Give back an exact copy of the lines in the records below, from the line that has "4๋ณด๋ค ์์๊ฒ๋ง ์ถ๋ ฅํ๋ค." through the line that has "Dankzij de steunpoten", and nothing besides.

**Data supplied:**
------------------------------------------------
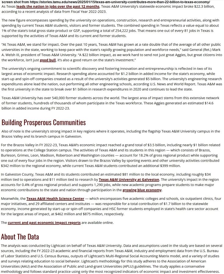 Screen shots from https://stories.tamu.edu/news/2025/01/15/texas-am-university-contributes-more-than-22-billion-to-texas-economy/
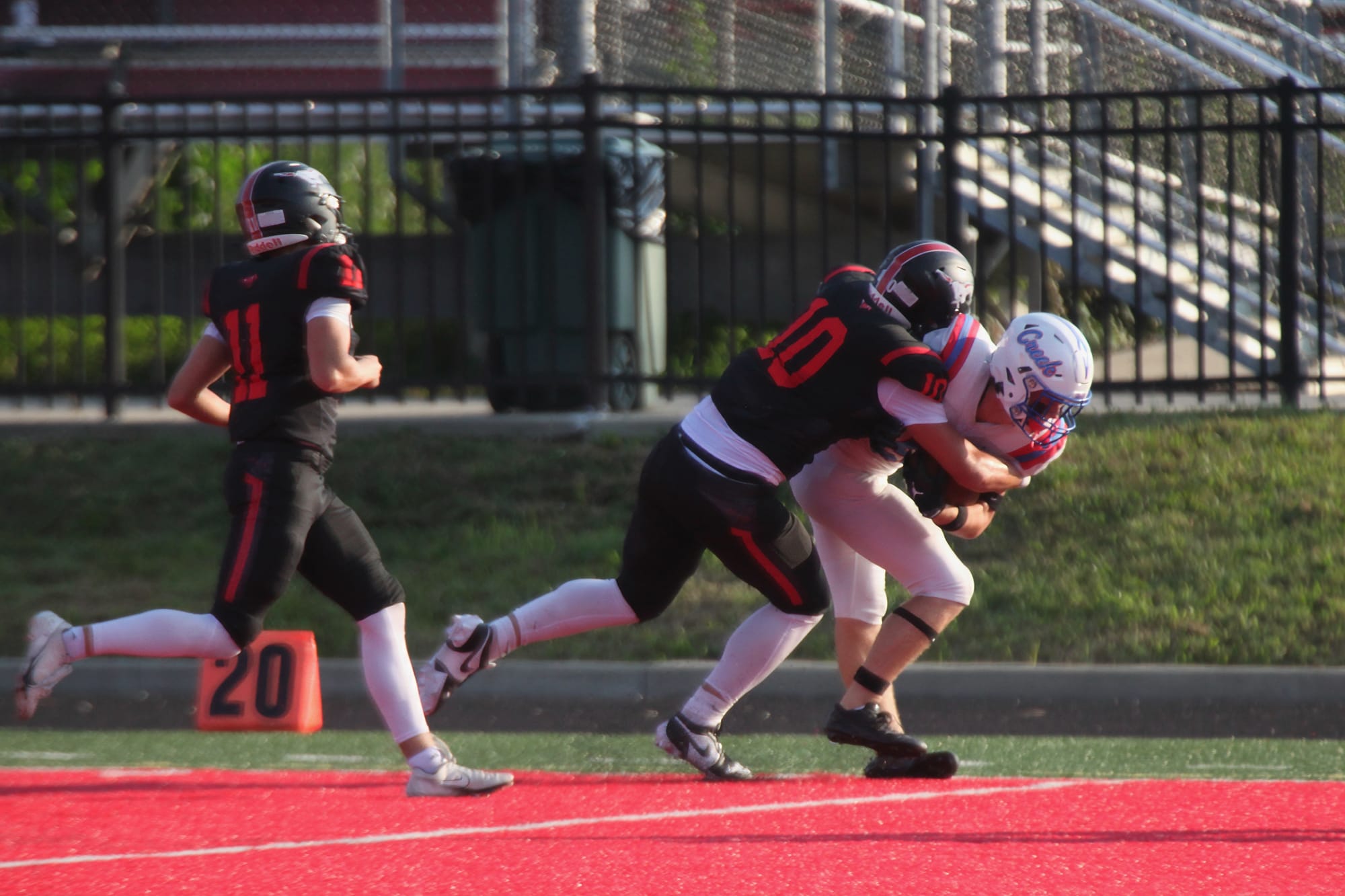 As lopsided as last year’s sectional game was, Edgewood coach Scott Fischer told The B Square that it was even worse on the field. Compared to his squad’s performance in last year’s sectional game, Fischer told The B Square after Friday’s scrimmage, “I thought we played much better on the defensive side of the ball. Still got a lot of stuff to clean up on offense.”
------------------------------------------------
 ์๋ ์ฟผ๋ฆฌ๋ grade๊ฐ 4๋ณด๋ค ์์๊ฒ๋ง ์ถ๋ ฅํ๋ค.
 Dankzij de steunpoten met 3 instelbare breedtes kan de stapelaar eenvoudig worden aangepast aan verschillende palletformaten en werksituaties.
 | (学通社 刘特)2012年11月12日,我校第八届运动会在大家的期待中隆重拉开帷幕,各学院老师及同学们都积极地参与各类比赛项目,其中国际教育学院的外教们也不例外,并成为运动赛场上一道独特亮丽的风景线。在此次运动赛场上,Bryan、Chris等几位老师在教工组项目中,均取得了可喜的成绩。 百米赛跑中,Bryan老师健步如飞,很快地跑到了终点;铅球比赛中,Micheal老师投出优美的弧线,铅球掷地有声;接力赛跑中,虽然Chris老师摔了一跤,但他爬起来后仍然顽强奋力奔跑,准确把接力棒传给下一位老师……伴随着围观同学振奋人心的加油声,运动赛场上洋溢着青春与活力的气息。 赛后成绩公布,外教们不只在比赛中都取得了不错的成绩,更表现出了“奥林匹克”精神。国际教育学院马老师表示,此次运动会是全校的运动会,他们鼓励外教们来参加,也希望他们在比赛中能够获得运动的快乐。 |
------------------------------------------------
**Result below:**
 ์๋ ์ฟผ๋ฆฌ๋ grade๊ฐ 4๋ณด๋ค ์์๊ฒ๋ง ์ถ๋ ฅํ๋ค.
 Dankzij de steunpoten met 3 instelbare breedtes kan de stapelaar eenvoudig worden aangepast aan verschillende palletformaten en werksituaties.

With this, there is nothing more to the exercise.